State Government and Prisons and Government & Economic Development and Government and Law

Indiana chief justice endorses sentencing changes

January 12, 2011

Indiana's chief justice urged lawmakers Wednesday to support a package of criminal sentencing changes that would give judges more leeway to send less serious offenders to community corrections instead of prison.

Randall T. Shepard endorsed the overhaul during his annual State of the Judiciary speech to a joint session of the Indiana General Assembly. Gov. Mitch Daniels also supports the proposals, which grew out of a state-commissioned report by the Pew Center on the States and the Council of State Governments Justice Center.

The report suggested allowing judges to sentence people convicted of lesser felonies to community corrections, which can include work release or treatment programs.
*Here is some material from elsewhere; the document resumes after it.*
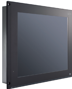
▲ Side view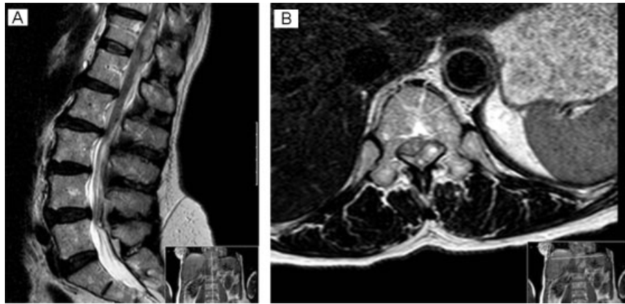
Fig. 1 (A, B) Sagittal and axial magnetic resonance image of the thoracolumbar spine showing an extra axial space-occupying lesion compressing the cord at the level of T12. This appears to be occupying epidural space and is posterior and to the left of the theca. There is high signal within the adjacent cord consistent with a compressive myelopathy.

extra axial lesion compressing the cord at the level of T12 that was low signal on T1 and high signal on T2. It appeared to be occupying epidural space posterior and to the left of the theca. The appearances suggested an acute epidural hematoma.

This would help free up prison space for the state's worst offenders, the report said, potentially saving more than $1 billion that would otherwise go toward building new prisons.

Shepard said half of the new prisoners sent to Indiana prisons are people whose crimes fall into the least serious category, class D felonies.
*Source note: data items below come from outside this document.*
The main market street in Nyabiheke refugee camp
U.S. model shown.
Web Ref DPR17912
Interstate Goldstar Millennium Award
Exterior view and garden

He said deciding which offenders really need to be kept in a prison cell could improve public safety, lower repeat offenses, help inmates find jobs and lower prison costs.

Shepard also used his annual speech to tout progress he said the state's court system has made on other issues, including technology and helping people avoid mortgage foreclosures.

He noted that state law gives Indiana homeowners the right to meet face to face with lenders to try to negotiate a modified loan, and said the court-facilitated system had been improved to the point where half of the homeowners who attend the conferences leave with a revised loan.

Shepard also told legislators about several steps state courts have taken to computerize various procedures, including helping victims of domestic violence obtain protective orders online, a computerized case management system used in 26 counties and notifying police when a person is declared mentally ill to help prevent them from buying guns.